De bebouwde wereld zoals we die nu kennen begon met een bloempot. Een bloempot in het Louvre.
Het is 1846 als Joseph Monier, zesde kind uit een arme boerenfamilie uit Saint-Quentin-la-Poterie, gaat werken in de tuinen van het Franse paleis. Hij is nooit naar school geweest – niet nodig volgens zijn moeder, hij was slim genoeg.
Monier is regelmatig bezig met het verpotten van planten – de houten potten die gebruikt worden in de koninklijke tuinen rotten namelijk als een gek. Is er geen beter materiaal te verzinnen dat langer meegaat, vraagt Monier zich af.
Hij begint te experimenteren. Klei blijkt niet veel beter: breekt te snel en barst bij grote temperatuurwisselingen. Beton lijkt een goede optie, maar om de potten sterk genoeg te maken worden ze zo dik dat ze nauwelijks nog te verslepen zijn. Het houdt Monier jaren bezig.

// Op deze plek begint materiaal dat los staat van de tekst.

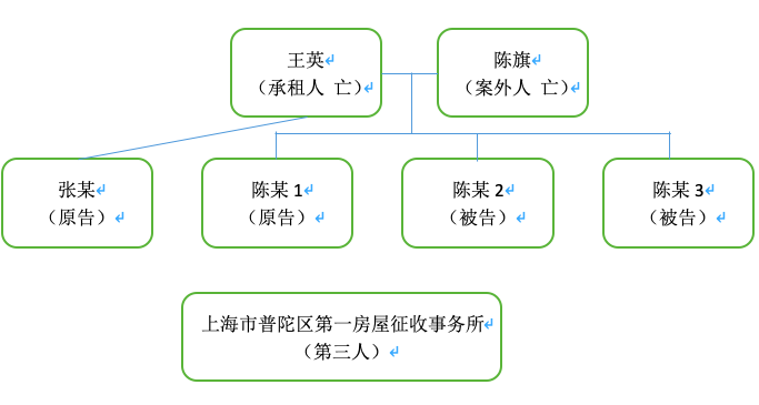 上海市旬陽(yáng)新村7號(hào)(以下稱系爭(zhēng)房屋)為被征收公房,承租人為王英。該房屋來(lái)源是在1964年用上海市甘泉三村3號(hào)調(diào)配而來(lái)。張某、陳某1、陳某3、陳某2與陳旗、王英為系爭(zhēng)房屋的受配人,房屋承租人原為陳旗,1981年變更成為王英。征收時(shí)在冊(cè)戶籍只有陳某3一人。原因是 (1)張某的戶籍于965年10月,遷至上海市崇明區(qū)農(nóng)場(chǎng);1990年1月10日,遷入其單位調(diào)配的上海市普陀區(qū)曹楊某村111室的房屋內(nèi)。(2)陳某2的戶籍于1970年11月12日,遷至黑龍江大興安嶺,現(xiàn)戶籍登記于上海市靈石路某弄222室。(3)陳某1的戶籍則于2006年8月28日,自其單位分配的昌化路333室房屋內(nèi)遷入上海市普陀區(qū)光新路四新村555號(hào)。(4)陳某3的戶籍1976年6月14日,遷至安徽省蕪湖市。1998年7月18日,陳某3因退休將戶籍從安徽省蕪湖市遷回系爭(zhēng)房屋內(nèi)。王英過(guò)世后,該戶籍戶主變更登記為陳某3。系爭(zhēng)房屋承租人仍登記為王英。王英生前曾經(jīng)與陳某3一起共同居住于系爭(zhēng)房屋內(nèi)。2003年前后,因王英患病無(wú)法照顧陳某3,陳某3遂至蘇州與女兒共同生活。張某、陳某1及陳某2戶口遷出后均不居住在系爭(zhēng)房屋內(nèi)。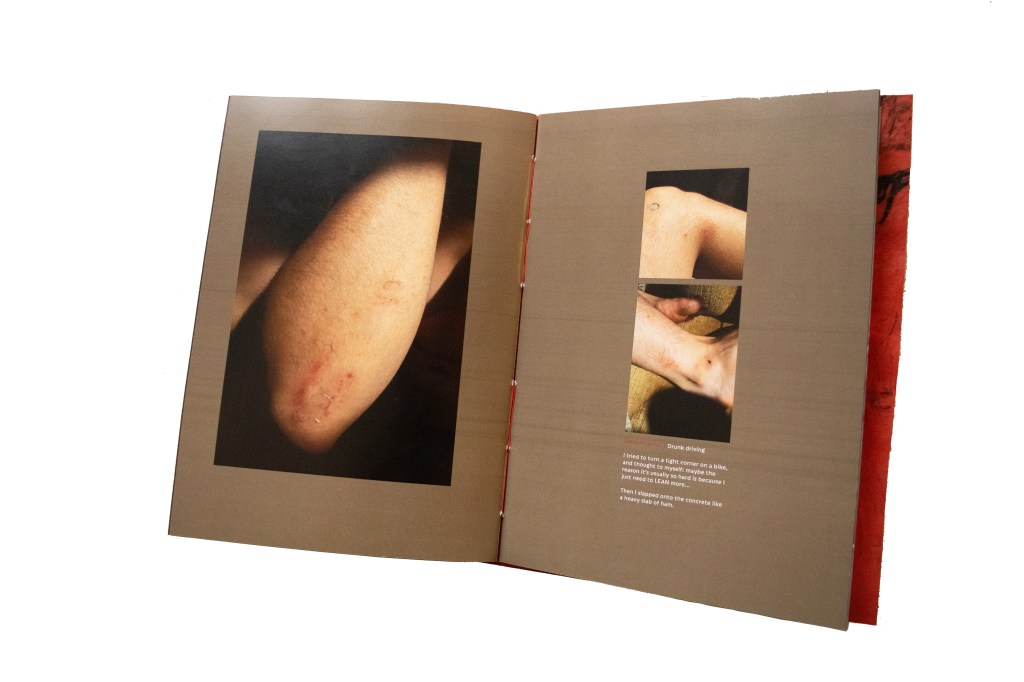 This book chronicles the bumps and tumbles of the summer and all the cuts and bruises they left behind. Each one was carefully photographed, with the knowledge in mind that by the time the book was printed, each injury would have healed without a trace, the skin and bones smooth once more as the body worked its magic.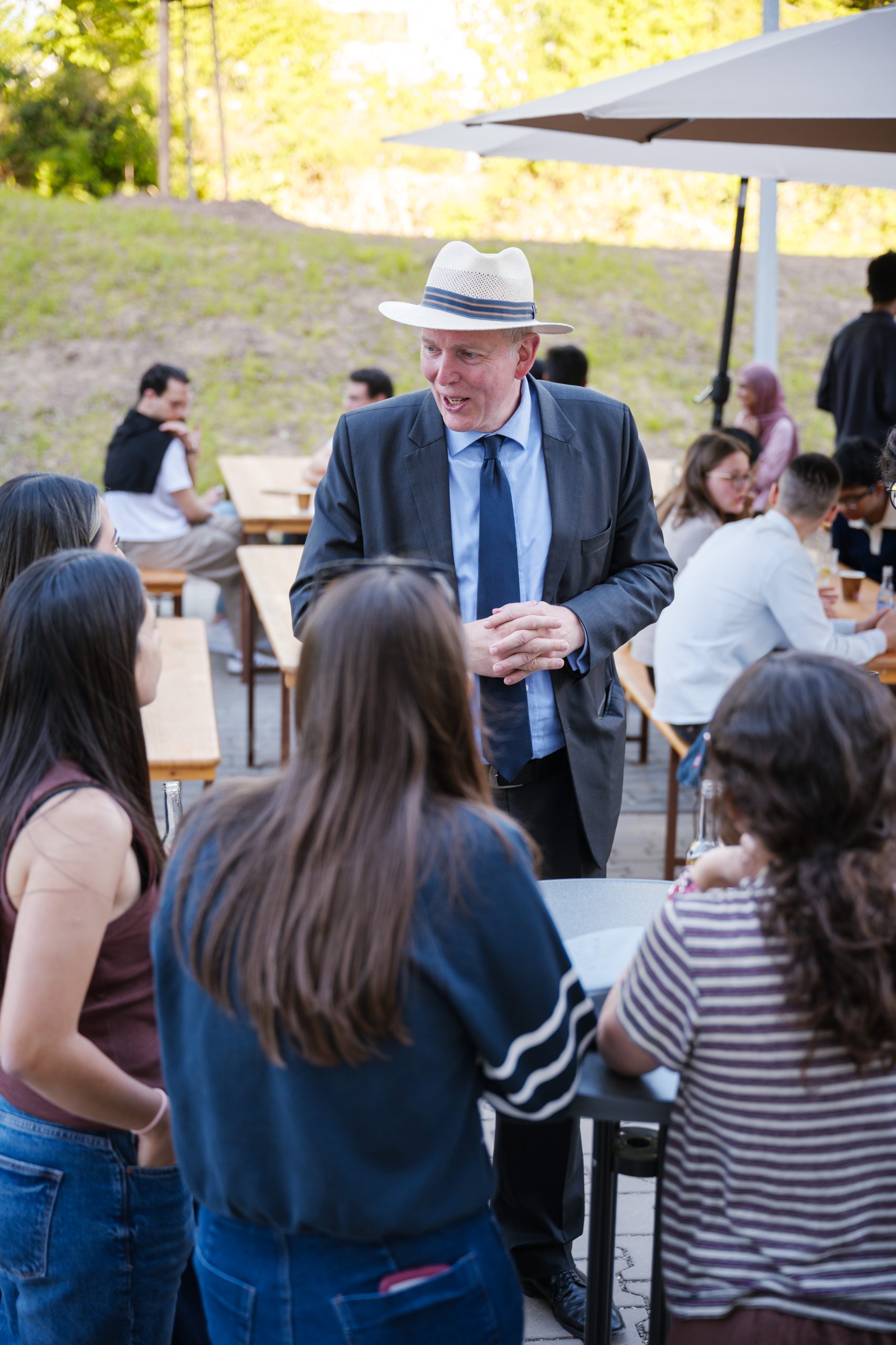 Treffpunkt war der Grillplatz zwischen Haus 1 und Haus 2, wo alle in entspannter Atmosphäre zusammenkamen. Ca. 80 Studierende, darunter viele Internationale, haben teilgenommen. Hier herrschte lebendiges Treiben bei leckeren Würstchen – die Bewohnerinnen und Bewohner konnten im Austausch ihre ersten Eindrücke vom Leben in den neuen Wohnheimen weitergeben.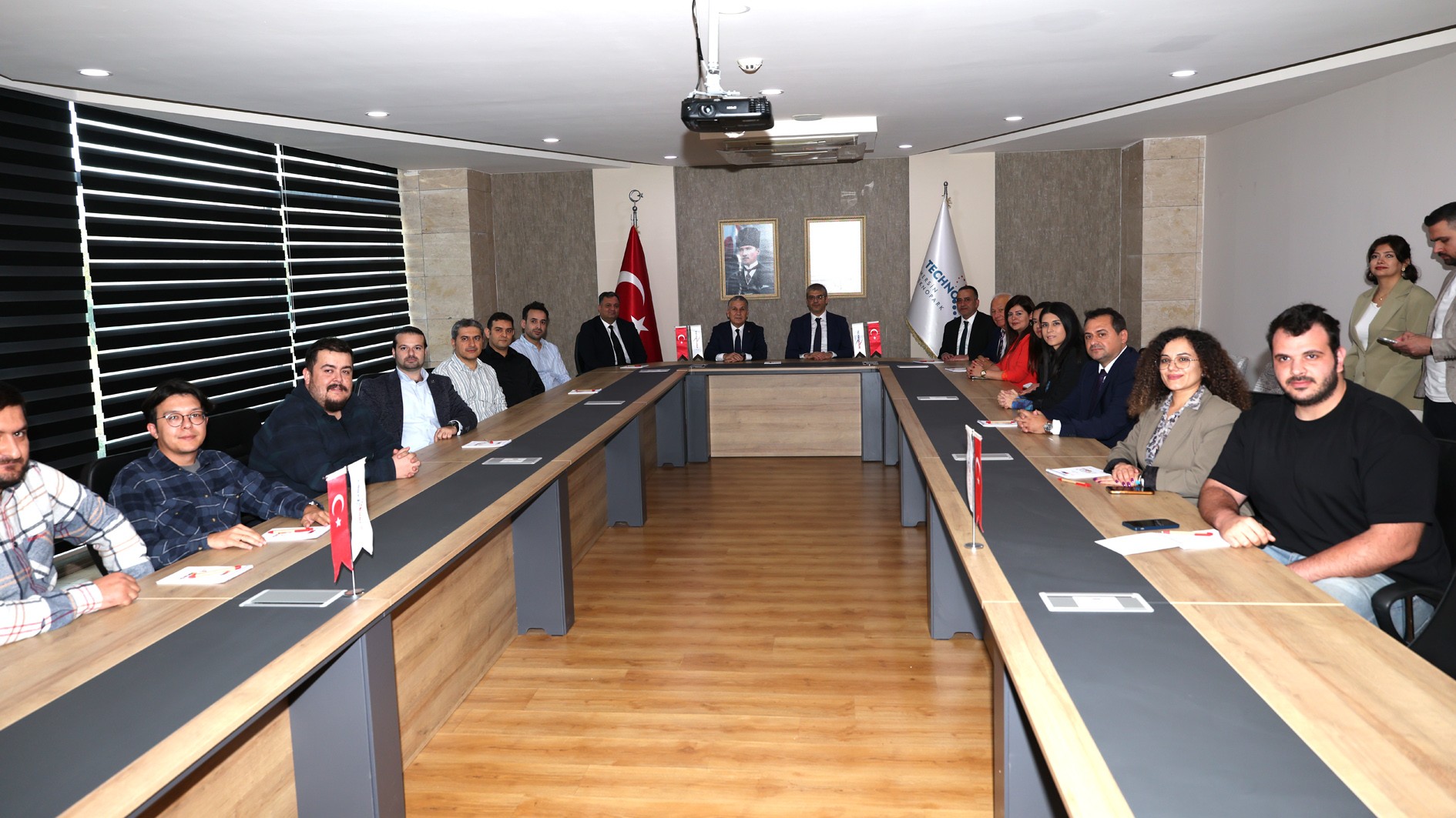 Daha sonra Teknopark’a geçen heyeti, Teknopark Müdürü Mehmet İlbaş karşıladı. Teknopark bünyesindeki firmalarla bir toplantı gerçekleştiren heyet, ardından burada faaliyet gösteren firmaları ziyaret ederek yetkililerden bilgi aldı.

Dan heeft hij een idee. Wat als hij nu een ijzeren raster verwerkt in het beton? Daarmee zijn de potten een stuk lichter én blijven ze heel wanneer het onverwacht vriest in het voorjaar. Zonder de wetenschap erachter te begrijpen, ontdekt Monier dat beton en ijzer een match made in heaven zijn. De twee materialen zetten gelijkmatig uit, terwijl de combinatie oersterk en toch relatief licht is.
In 1867 vraagt hij patent aan.
En daarmee verandert de tuinman Joseph Monier de manier waarop iedere moderne stad op aarde is gebouwd. Wat begon met zijn bloempotten in het Louvre, is nu de basis voor al onze hoogbouw, voor viaducten, tunnels, moderne architectuur.
Monier ontdekt gewapend beton. Het materiaal waarin de moderne tijd vorm heeft gekregen.
Gewapend beton heeft ons veel gebracht. Tegelijk is het een extreem problematisch materiaal. De productie ervan stoot een hoeveelheid CO2 uit waar zelfs de luchtvaart niet aan kan tippen. Maar zouden we ooit nog zonder kunnen?
De eerste wolkenkrabber van gewapend beton
Lang voordat Monier begint te experimenteren met zijn potten, is beton al bekend als nuttig materiaal. De Romeinen bouwen er een imperium mee. Opus caementicium wordt gebruikt voor de bouw van aquaducten, het Colosseum, een Europees wegennet van zo’n 85.000 kilometer en natuurlijk het Pantheon in Rome, met 43 meter doorsnee nog altijd de grootste koepel van niet-gewapend beton ter wereld.
Beton is een combinatie van 60 tot 75 procent zand en grind, 15 tot 20 procent water en 10 tot 15 procent bindmiddel, het cruciale ingrediënt om het geheel bij elkaar te houden. De Romeinen gebruikten daarvoor vulkanische as: puzzolaan. In modern beton is dat bindmiddel portlandcement.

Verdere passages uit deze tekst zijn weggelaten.